İran  bizi çok yakından ilgilendirir. İran Orta-Doğu daki komşularımızda var olan pamuk ipliğine bağlı dengenin adı. İran, Tahran’dan başlayıp Irak ve Suriye toprakları boyunca Akdenize kadar uzanan Şii Nüfuz bölgesinin başlangıç ve güç merkezi. İran’da bir rejim değişikliğinin yaratacağı vakum boşluğu kuşkuya yer yok ki Orta-doğu’da yeni bir boğazlaşma ve kaosun başlama vuruşu olacak.

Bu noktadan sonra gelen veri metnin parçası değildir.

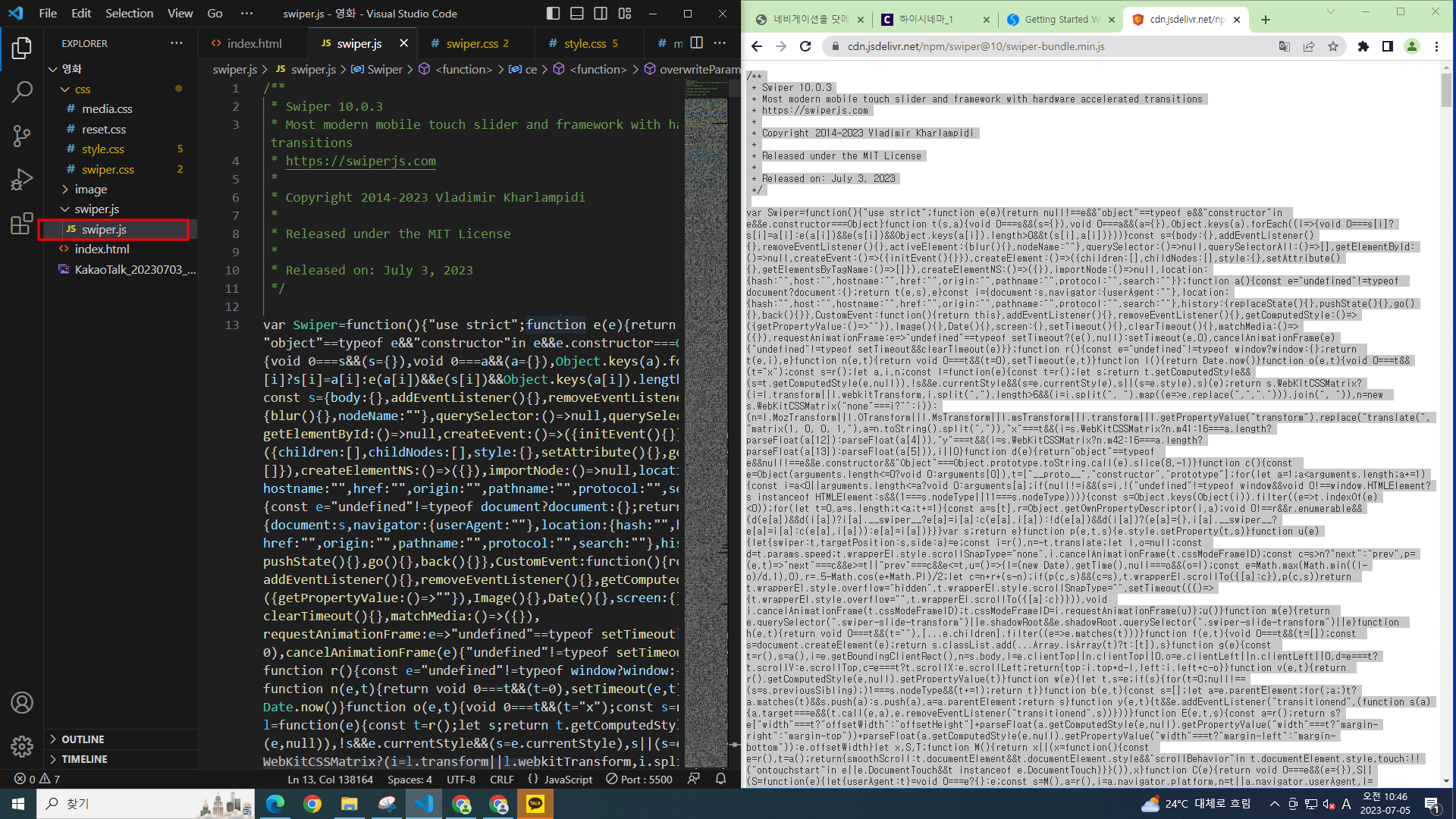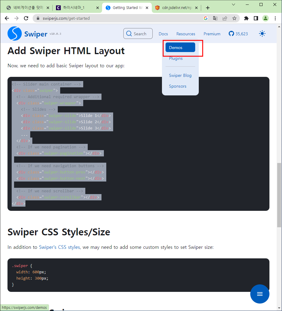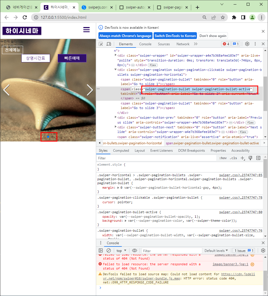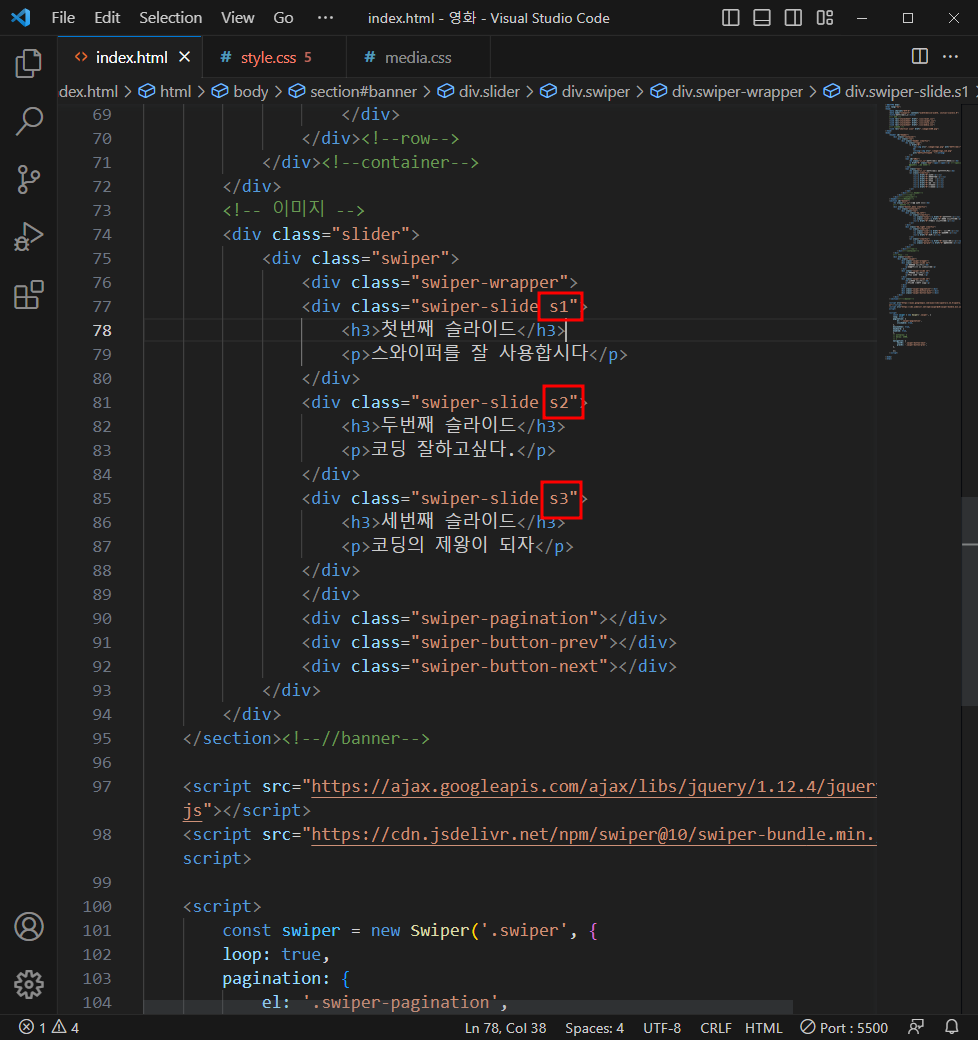 swiper.css파일 새로 만들어서 복사한 것 붙여넣기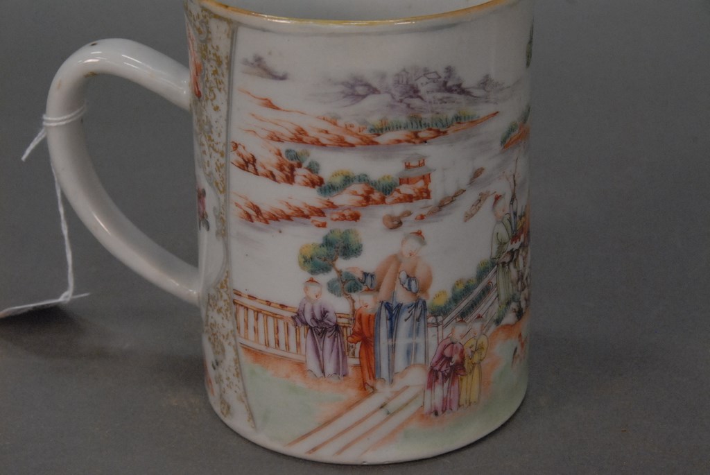 Chinese strap handle mug with intricately painted exterior view with twelve figures in lush landscape surroundings, mug having polychrome trim, late 18th century. ht. 5 3/8in. dia. 3 7/8in.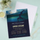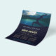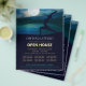Yoga Fitness Studio / Instructor de Meditación / Entrenador Personal / Entrenador de Vida / Healer / Maestro Reiki / Terapia de Masaje Planilla de Volante de Casa Abierta - Elegante Pose de Meditación de Yoga / Salutación de la Luna // Posada de Luna Crescent / Pose Lunge Media Luna (Ardha Chandrasana) / Surya Namaskar / Anjaneyasana Pose / Salut tation / Warrior 1 Yoga Pose / Chandra Namaskar / Silhouette al lado del Lago Shore en la noche de la luna.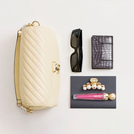 Reveal Jimmy Choo's Curve wallet with chain, a statement piece with a gold finish and a sleek chain strap. The front metallic logo and visible stitching highlight refined craftsmanship, while the flap and magnetic closure secure your essentials in a single compartment with a zippered interior pocket.

Bu İsrail’in rüyası. Yeni bir ivme kazanacak olan Suudi yayılmasının ve ABD nin eski altın yıllarının geri dönüşü.

Ne var ki İran’da üç gündür süren karışıklıkların olağan şüphelisi Halkın Mücahitleri (MEK) ve adı son günlerde yeniden gündeme getirilen (Bozkurt armalı) GAİP (Güney Azerbeycan İstiklal Partisi) gibi provokasyon örgütlerinin  kıvırabileceği türden bir iş değil İran’da rejim değişikliği.  Rajavi’nin örgütünün Batı medyasına servis ettiği fotoğraf ve videolar, 300-500 kişilik gurupların korsan eylemlerinin görüntüleri. Bu bir ‘boyalı devrim’ değil. ABD-İsrail-Suudi Arabistan yakınlaşması ve özellikle Natenyahu’nun savaş naralarından sonra ‘durumdan vazife çıkaran’ Halkın Mücahitleri’nin sayısız girişimlerinden biri.

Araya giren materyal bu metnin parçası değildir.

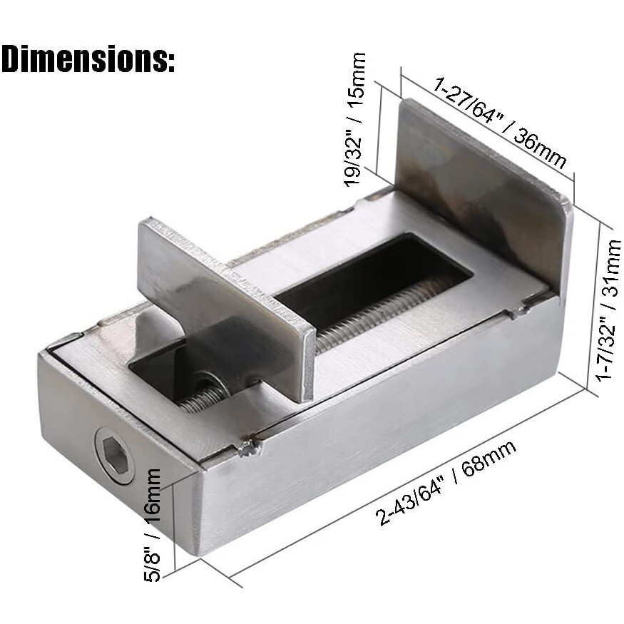 The size is about 2-43/64"x1-27/64"x1-7/32" / 68mm x 36mm x 31mm and the clamping distance is between 18-60mm /45/64"-2-23/64". Please check your window track before buying.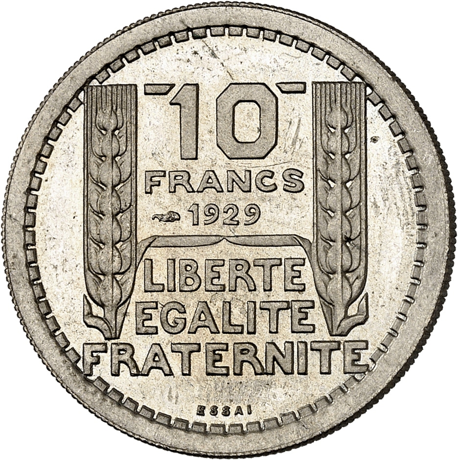 - IIIe République (1870-1940). Essai de 10 francs Turin hybride 26 mm et poids 7,5 g, Frappe spéciale (SP) 1929-1939, Paris.

ABD-İsrail ve Suudi Arabistan’ın, İran gibi bir ülkede ‘boyalı devrim’ gerçekleştirmek için yeterli gücü yok. Ülkede ve komşusu Irak’ta en örgütlü,silahlı ve devlet destekli güçler Şii iran rejimi için doğal müttefikler. Bölgede ‘İran’ı rejim değişikliğine zorlayacak çapta bir askeri güç toplanması imkansız. Bir kaç gün içinde İran’da durumun normale dönmesi beklenmeli. Muhtemelen küçük çaplı gösterilere Polis ve Askeri Görevlilerin nasıl müdahale edeceği konusundaki muğlaklıktan dolayı uzunca bir süreyi  kapsayan gösteriler, İran rejiminin Cuma günü yapmayı planladığı  büyük çaplı karşı gösteri sonunda bitecektir.

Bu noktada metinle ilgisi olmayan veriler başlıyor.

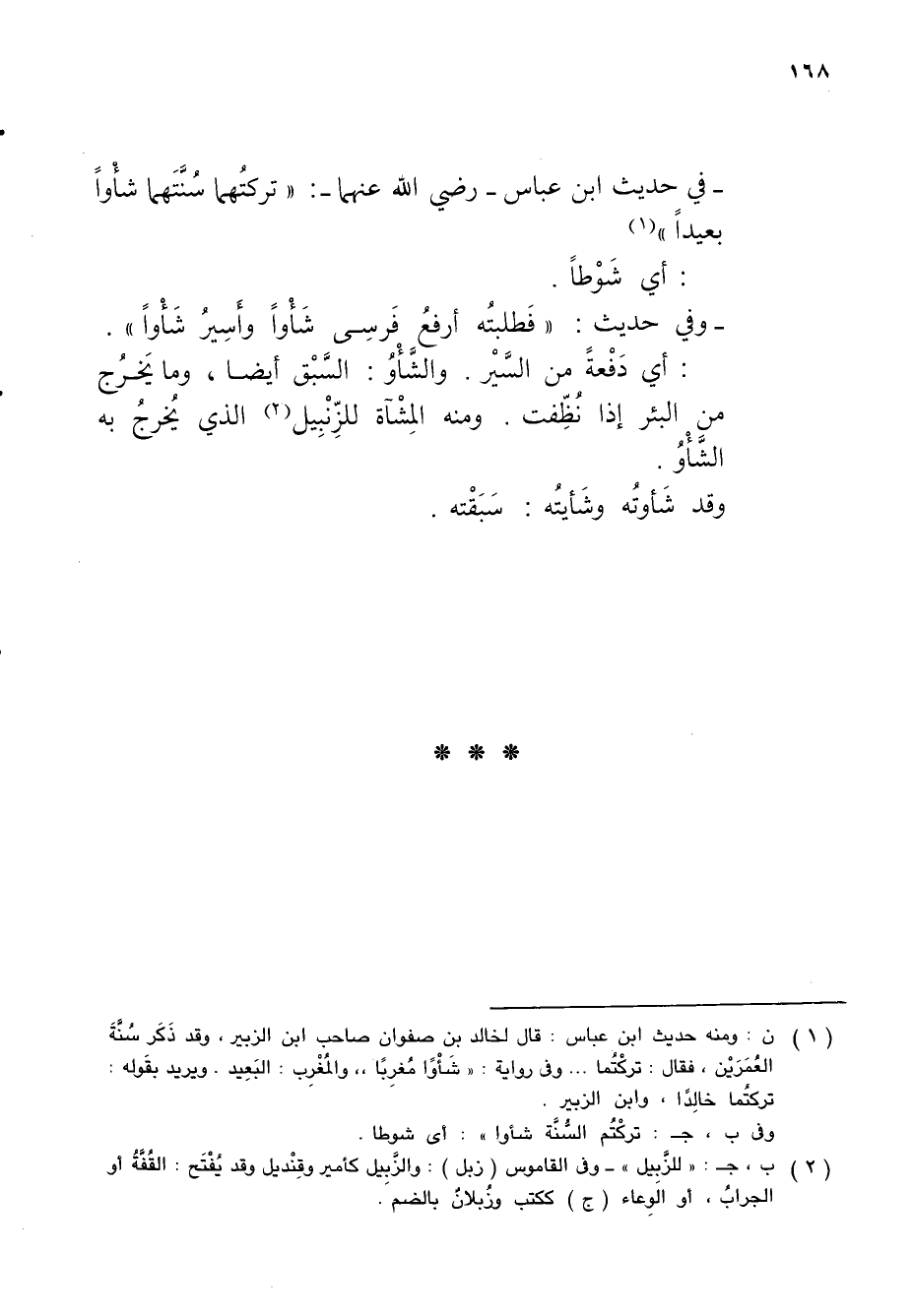 - في حديث ابن عباس - رضي الله عنهما -: "تركتُهما سُنَّتَهما شأْواً بعيداً" (¬1)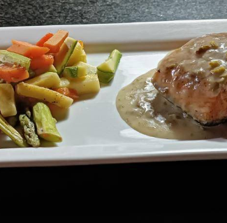 Lonja de salmón en salsa de alcaparras y guarnición.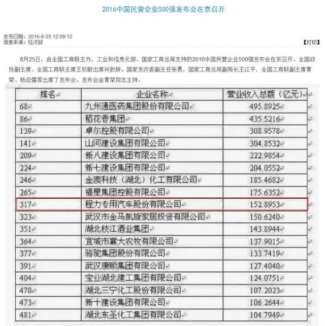 8月25日,全國工商聯(lián)發(fā)布“2016中國民營企業(yè)500強(qiáng)”榜單,華為以3950.09億元的年?duì)I收成為500強(qiáng)榜首。18家鄂企入圍(2015年16家),數(shù)量并列全國第五,位居中部第一。隨州的程力專用汽車股份有限公司以152.8953億元的營業(yè)收入全國排名317位,在湖北排名第9位。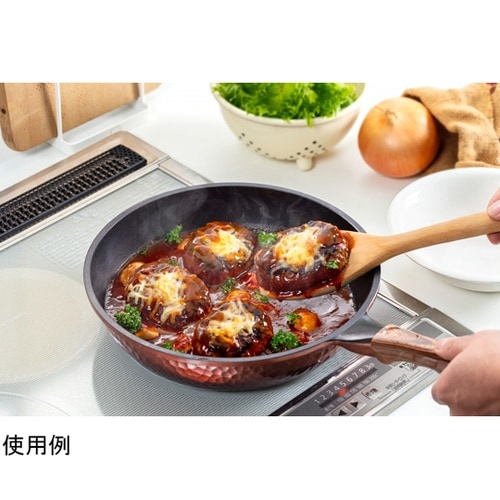 槌目模様と木目調のハンドルの調和が美しい、IH対応のフライパンです。本体表面に打ち込まれた槌目加工で強度もアップ、アルミキャスト(鋳物)製で変形にも強いのが特徴です。 |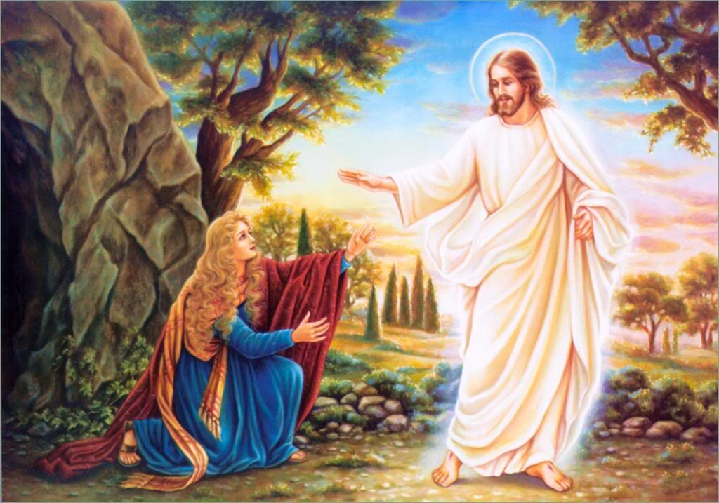 Sáng sớm ngày thứ nhất trong tuần, lúc trời còn tối, bà Maria Mácđala đi đến mộ, thì thấy tảng đá đã lăn khỏi mộ. Bà liền chạy về gặp ông Simôn Phêrô và người môn đệ Đức Giêsu thương mến. Bà nói: “Người ta đã đem Chúa đi khỏi mộ; và chúng tôi chẳng biết họ để Người ở đâu.” Bà Maria Mácđala đứng ở ngoài, gần bên mộ, mà khóc. Bà vừa khóc vừa cúi xuống nhìn vào trong mộ, thì thấy hai thiên thần mặc áo trắng ngồi ở nơi đã đặt thi hài của Đức Giêsu, một vị ở phía đầu, một vị ở phía chân. Thiên thần hỏi bà: “Này bà, sao bà khóc?” Bà thưa: “Người ta đã lấy mất Chúa tôi rồi, và tôi không biết họ để Người ở đâu!” Nói xong, bà quay lại và thấy Đức Giêsu đứng đó, nhưng bà không biết là Đức Giêsu. Đức Giêsu nói với bà: “Này bà, sao bà khóc? Bà tìm ai?” Bà Maria tưởng là người làm vườn, liền nói: “Thưa ông, nếu ông đã đem Người đi, thì xin nói cho tôi biết ông để Người ở đâu, tôi sẽ đem Người về.” Đức Giêsu gọi bà: “Maria!” Bà quay lại và nói bằng tiếng Hípri: “Rápbuni !” (nghĩa là ‘Lạy Thầy’). Đức Giêsu bảo: “Thôi, đừng giữ Thầy lại, vì Thầy chưa lên cùng Chúa Cha. Nhưng hãy đi gặp anh em Thầy và bảo họ: ‘Thầy lên cùng Cha của Thầy, cũng là Cha của anh em, lên cùng Thiên Chúa của Thầy, cũng là Thiên Chúa của anh em.’” Bà Maria Mácđala đi báo cho các môn đệ: “Tôi đã thấy Chúa”, và bà kể lại những điều Người đã nói với bà. (Ga 20,1-2. 11-18)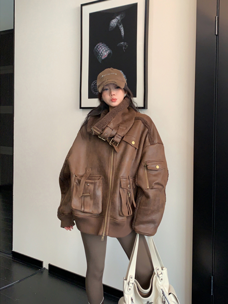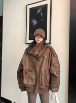 ヴィンテージ感たっぷりのフライトデザインが目を引く、存在感抜群のボアジャケット。

Bizde Merkez Medya’nın pazarlamaya çalıştığı ; ‘İran rejim liderleri ‘Alllah Sonumuzu hayır etsin dediler’ haberleri ile yaratılan atmosfer, Uluslarararası planda  BAE,Suudi medyası dışında bir gündem oluşturamadı.

İran’da örgütlü ‘yabancı istihbarat örgütleri’, MEK, GAİP, AHFAZ Kurtuluş Ordusu gibi ‘doğal istihbarat kaynakları’ dışında CİA-MOSSAD VE MI6 den oluşuyor. İran ile ilgili istihbarat akışında  Irak işgali sırasında Güney bölgelerinde işgal gücü olarak bulunan İngiltere’nin MI 6 inin önemli rolü var. İran’ın Güney Bölgelerinde yaygın olan Arap nüfus üzerinde oynayan ve onlara birde ‘Kurtuluş’ örgütü kuran İngiltere’nin Irak Şiileri üzerinde de Ayetullah Sistani üzerinden bağlantısı var. İran’da rejim değişikliği hayallerine ve kuru sıkı Boyalı Devrim masallarına pek itibar göstermeyen İngiltere, İran meselesinin uzun vadeli bir savaşım işi olduğunu iyi biliyor. İngiltere’de günün önemli tartışmalarından biri, iki ay önce Kraliçe tarafından denize indirilen Queen Elizabeth Uçak gemisi ve onun kardeş gemisi Prens Of Wales. Şu anda denizlerdeki en büyük uçak gemileri olduğu bildirilen bu savaş gemileri 6.5 milyar sterlinlik yeni harcamalarla donatılarak İran Körfezine gönderilecek.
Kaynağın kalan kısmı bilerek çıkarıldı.